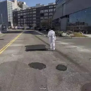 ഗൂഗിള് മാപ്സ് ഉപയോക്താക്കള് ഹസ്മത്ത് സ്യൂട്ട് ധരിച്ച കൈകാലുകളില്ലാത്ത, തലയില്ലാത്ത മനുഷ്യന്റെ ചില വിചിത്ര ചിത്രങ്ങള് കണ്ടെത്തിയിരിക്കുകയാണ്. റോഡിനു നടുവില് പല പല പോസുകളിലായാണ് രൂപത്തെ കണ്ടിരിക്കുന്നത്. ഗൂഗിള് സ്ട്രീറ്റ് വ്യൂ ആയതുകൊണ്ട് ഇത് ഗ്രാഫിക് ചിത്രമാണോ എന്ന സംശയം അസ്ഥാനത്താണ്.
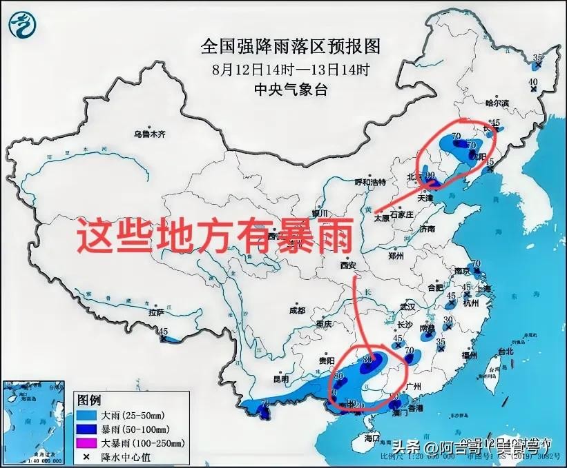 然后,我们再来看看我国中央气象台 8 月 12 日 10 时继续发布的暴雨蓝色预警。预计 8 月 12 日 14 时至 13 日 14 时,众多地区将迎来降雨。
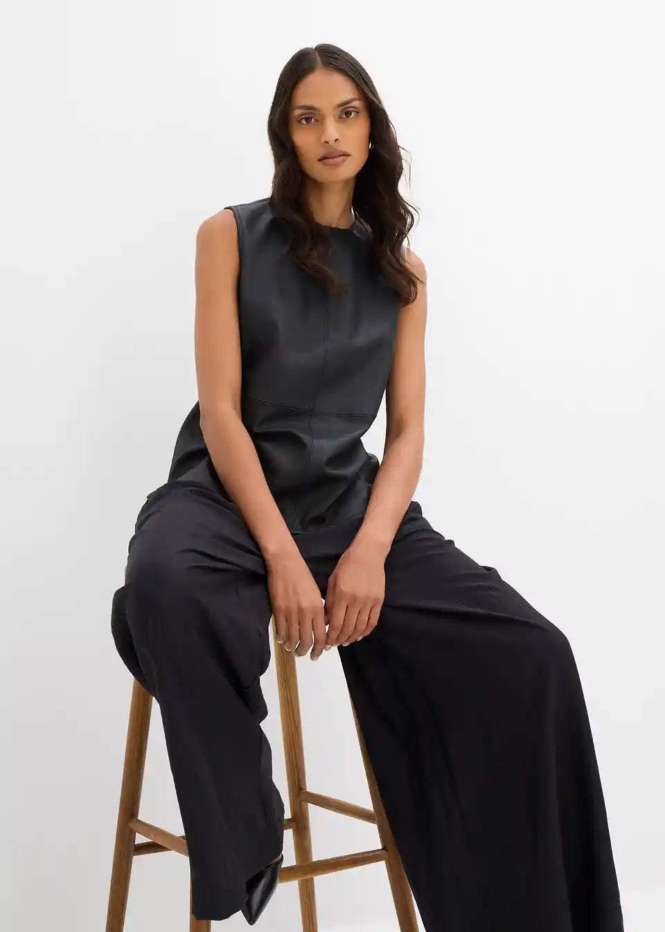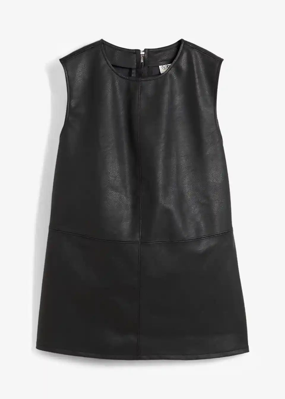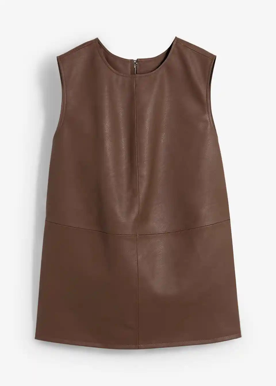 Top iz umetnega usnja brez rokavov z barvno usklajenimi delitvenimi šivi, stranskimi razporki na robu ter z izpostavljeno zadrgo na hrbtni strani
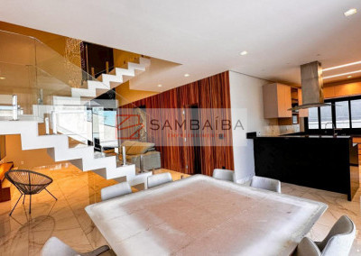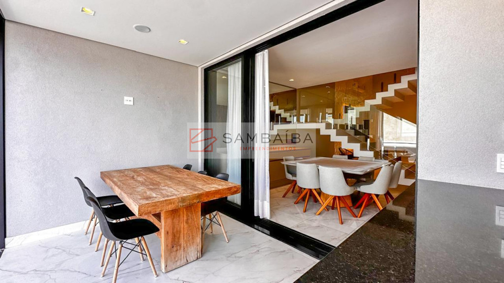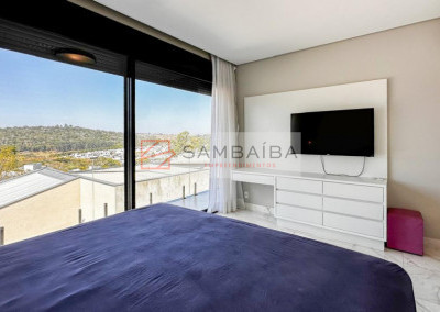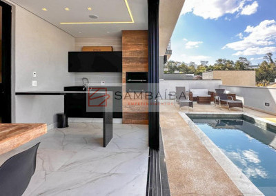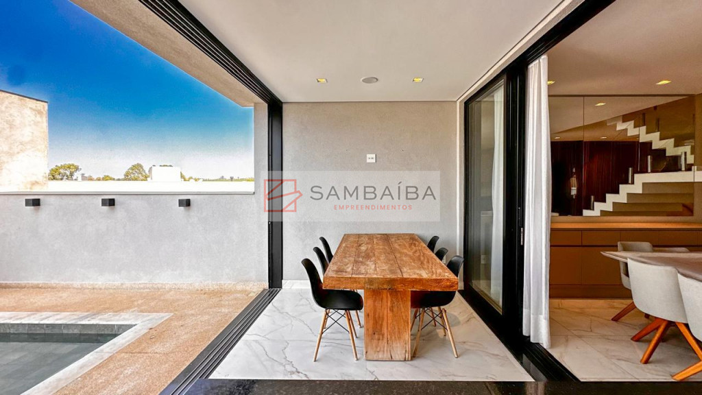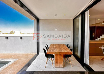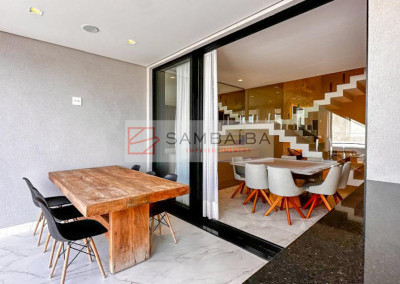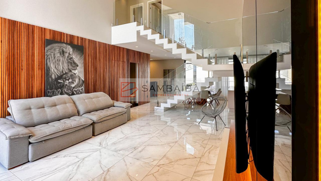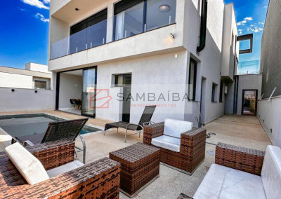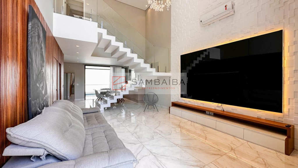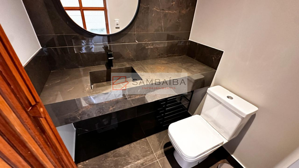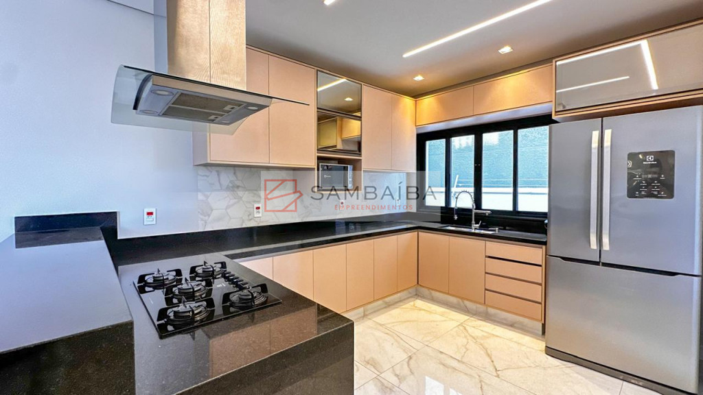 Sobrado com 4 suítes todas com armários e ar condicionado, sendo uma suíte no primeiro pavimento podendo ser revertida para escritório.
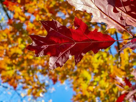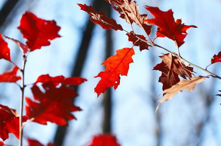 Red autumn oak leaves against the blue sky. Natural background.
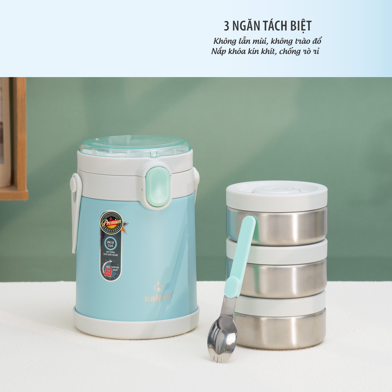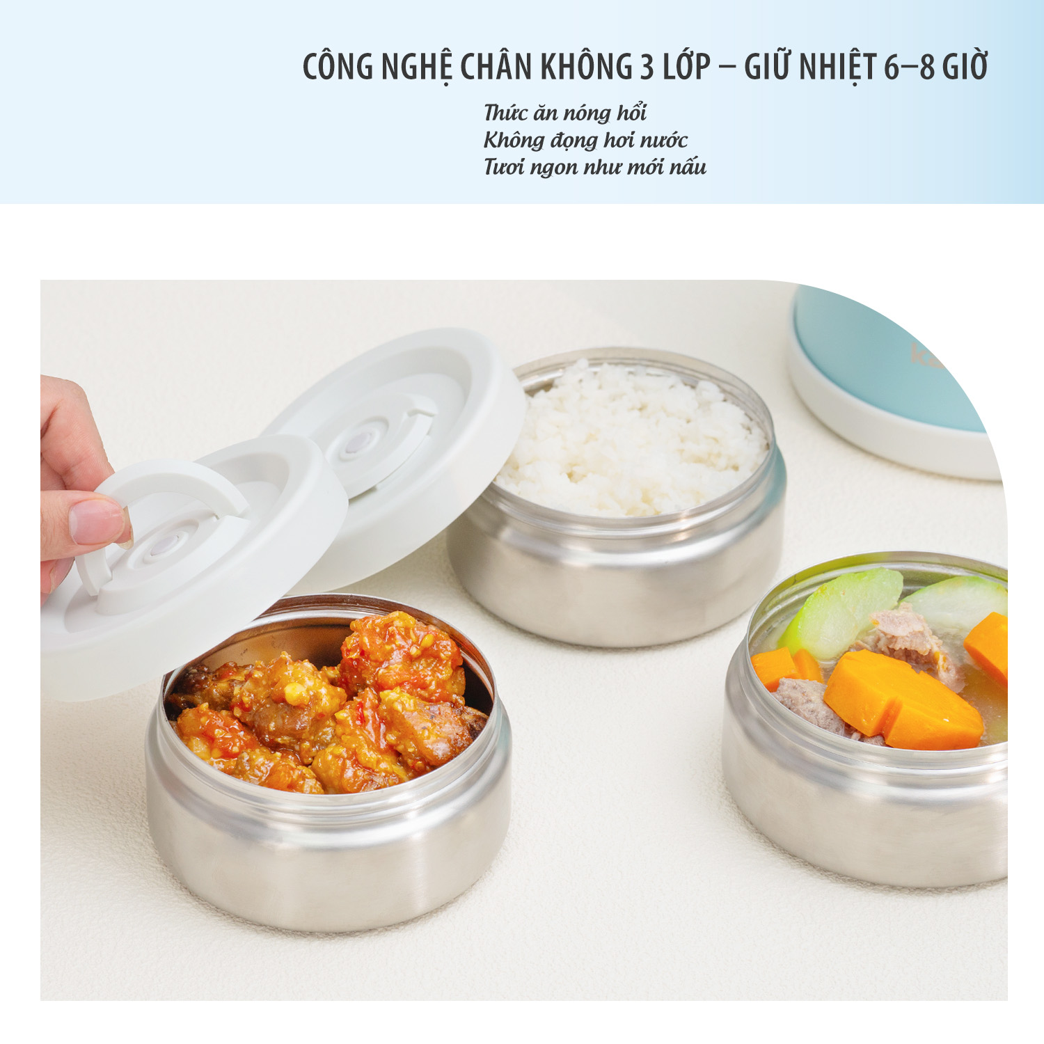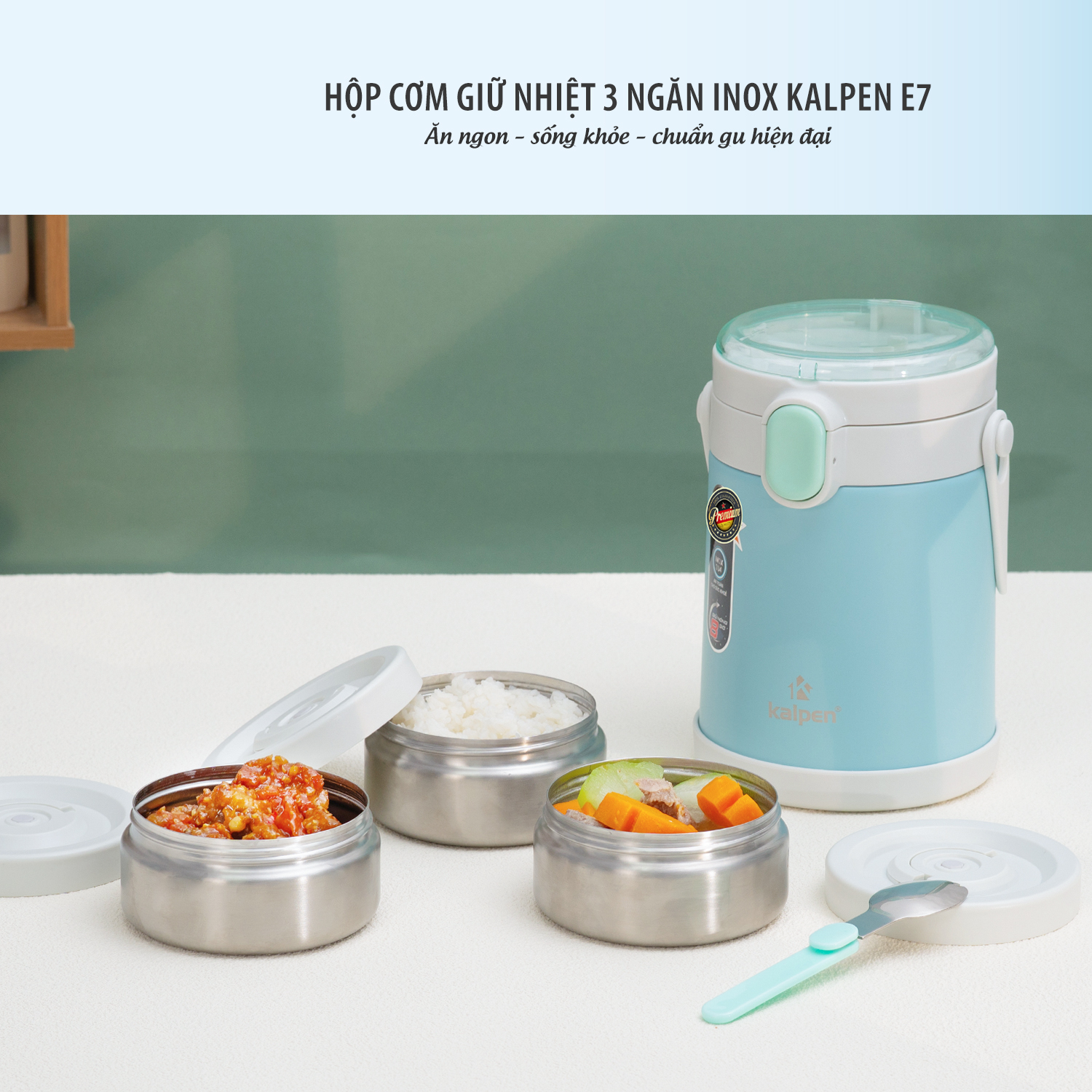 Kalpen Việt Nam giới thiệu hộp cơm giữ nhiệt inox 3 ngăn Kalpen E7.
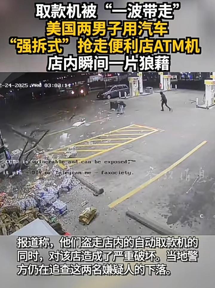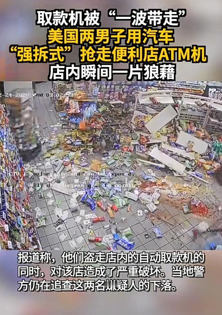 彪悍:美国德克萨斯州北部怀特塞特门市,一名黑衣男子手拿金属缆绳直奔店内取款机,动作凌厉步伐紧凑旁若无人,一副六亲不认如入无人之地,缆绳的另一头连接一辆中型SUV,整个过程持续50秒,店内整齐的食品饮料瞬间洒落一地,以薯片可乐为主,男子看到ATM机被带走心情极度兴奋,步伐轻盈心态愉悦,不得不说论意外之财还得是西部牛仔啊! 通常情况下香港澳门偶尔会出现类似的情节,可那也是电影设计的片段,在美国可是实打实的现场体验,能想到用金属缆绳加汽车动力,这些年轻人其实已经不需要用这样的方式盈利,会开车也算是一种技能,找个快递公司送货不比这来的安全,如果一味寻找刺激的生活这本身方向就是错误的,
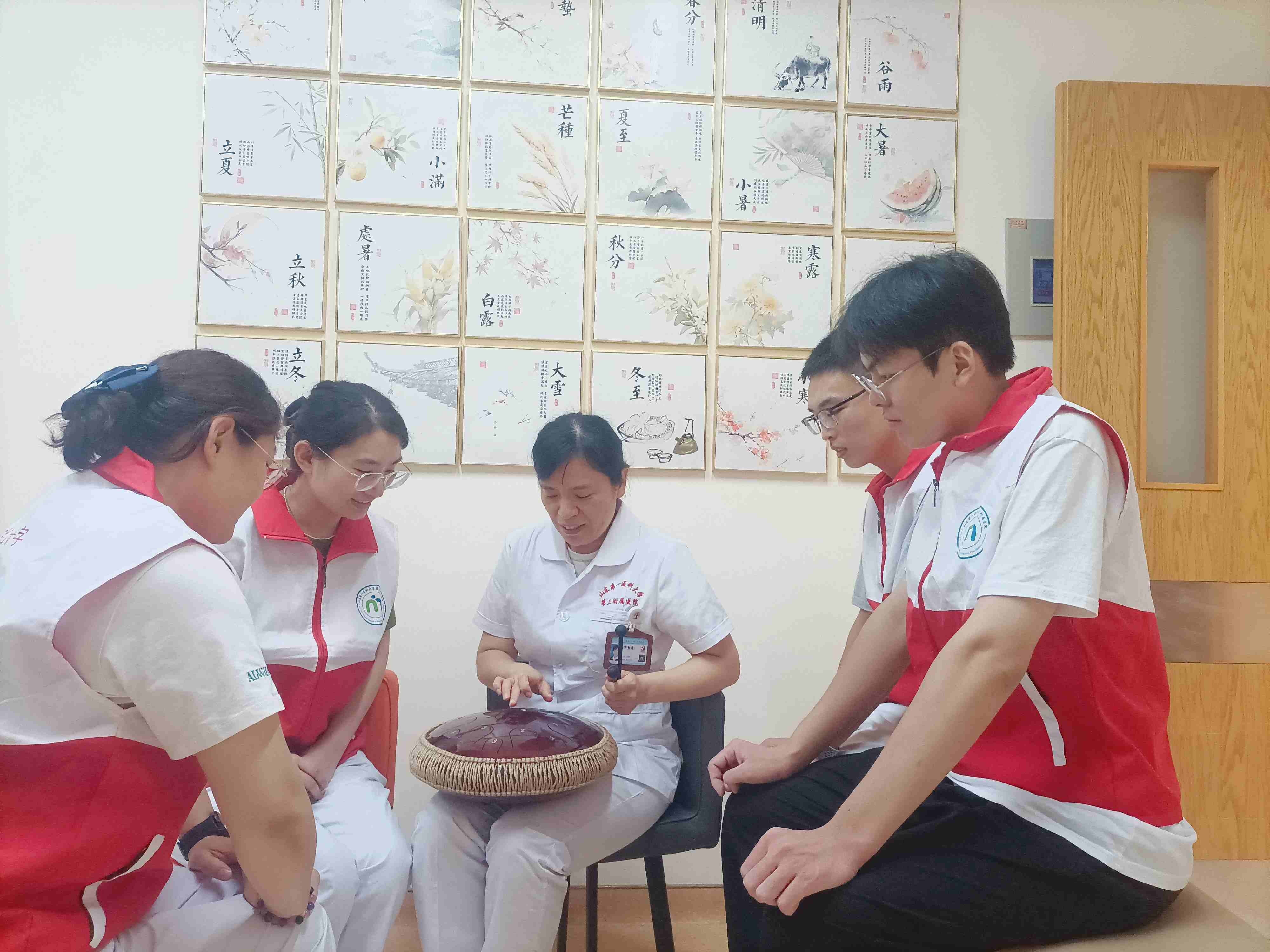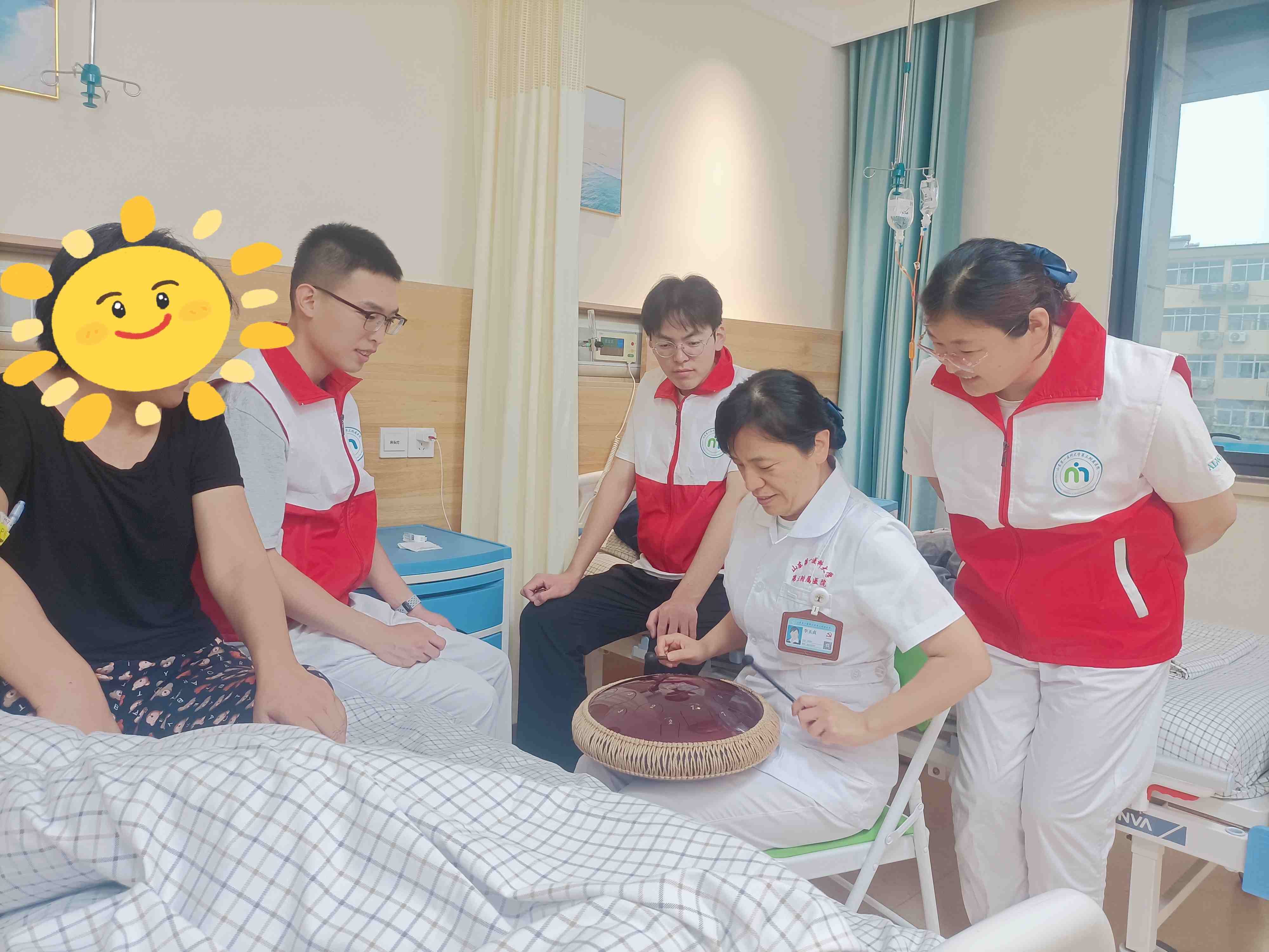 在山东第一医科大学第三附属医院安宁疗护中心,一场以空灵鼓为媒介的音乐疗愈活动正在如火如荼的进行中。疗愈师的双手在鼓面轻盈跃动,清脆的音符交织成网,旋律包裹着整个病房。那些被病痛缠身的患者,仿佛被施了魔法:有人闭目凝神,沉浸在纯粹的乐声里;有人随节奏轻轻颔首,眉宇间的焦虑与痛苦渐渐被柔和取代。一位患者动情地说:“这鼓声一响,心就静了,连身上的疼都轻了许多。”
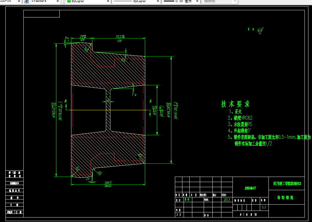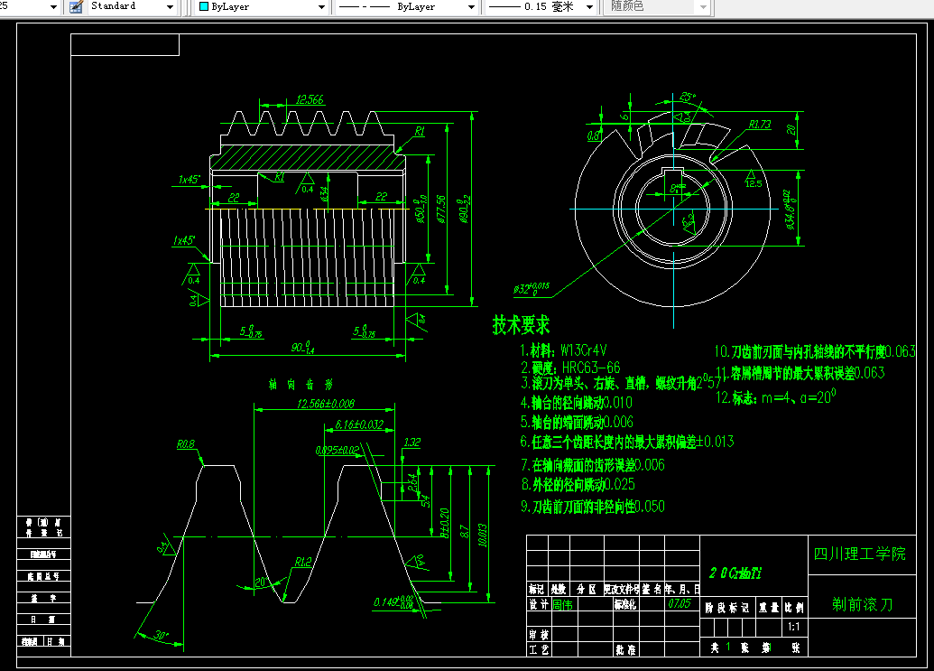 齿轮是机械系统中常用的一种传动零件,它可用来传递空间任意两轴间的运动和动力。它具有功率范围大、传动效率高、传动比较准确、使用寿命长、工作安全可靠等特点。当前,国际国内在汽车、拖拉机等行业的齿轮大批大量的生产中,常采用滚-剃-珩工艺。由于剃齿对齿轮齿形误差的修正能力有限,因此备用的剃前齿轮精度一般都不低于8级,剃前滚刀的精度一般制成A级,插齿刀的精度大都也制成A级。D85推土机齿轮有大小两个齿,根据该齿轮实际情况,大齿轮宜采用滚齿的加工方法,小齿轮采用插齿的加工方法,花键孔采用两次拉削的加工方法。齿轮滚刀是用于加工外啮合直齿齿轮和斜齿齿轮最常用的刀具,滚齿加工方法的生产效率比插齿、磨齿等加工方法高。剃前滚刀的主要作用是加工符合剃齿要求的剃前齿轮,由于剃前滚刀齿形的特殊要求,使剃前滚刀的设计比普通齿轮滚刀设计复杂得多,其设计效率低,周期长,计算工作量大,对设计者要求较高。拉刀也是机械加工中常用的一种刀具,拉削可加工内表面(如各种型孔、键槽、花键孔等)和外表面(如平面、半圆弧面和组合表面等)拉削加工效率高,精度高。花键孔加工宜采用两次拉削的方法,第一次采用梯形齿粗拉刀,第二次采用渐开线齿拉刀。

********************

For this exercise, transcribe exactly the part of the records above that opens with the line containing "Red autumn oak" and closes with the one containing "彪悍:美国德克萨斯州北部怀特". Pictures are not part of the copy.

 Red autumn oak leaves against the blue sky. Natural background.
 Kalpen Việt Nam giới thiệu hộp cơm giữ nhiệt inox 3 ngăn Kalpen E7.
 彪悍:美国德克萨斯州北部怀特塞特门市,一名黑衣男子手拿金属缆绳直奔店内取款机,动作凌厉步伐紧凑旁若无人,一副六亲不认如入无人之地,缆绳的另一头连接一辆中型SUV,整个过程持续50秒,店内整齐的食品饮料瞬间洒落一地,以薯片可乐为主,男子看到ATM机被带走心情极度兴奋,步伐轻盈心态愉悦,不得不说论意外之财还得是西部牛仔啊! 通常情况下香港澳门偶尔会出现类似的情节,可那也是电影设计的片段,在美国可是实打实的现场体验,能想到用金属缆绳加汽车动力,这些年轻人其实已经不需要用这样的方式盈利,会开车也算是一种技能,找个快递公司送货不比这来的安全,如果一味寻找刺激的生活这本身方向就是错误的,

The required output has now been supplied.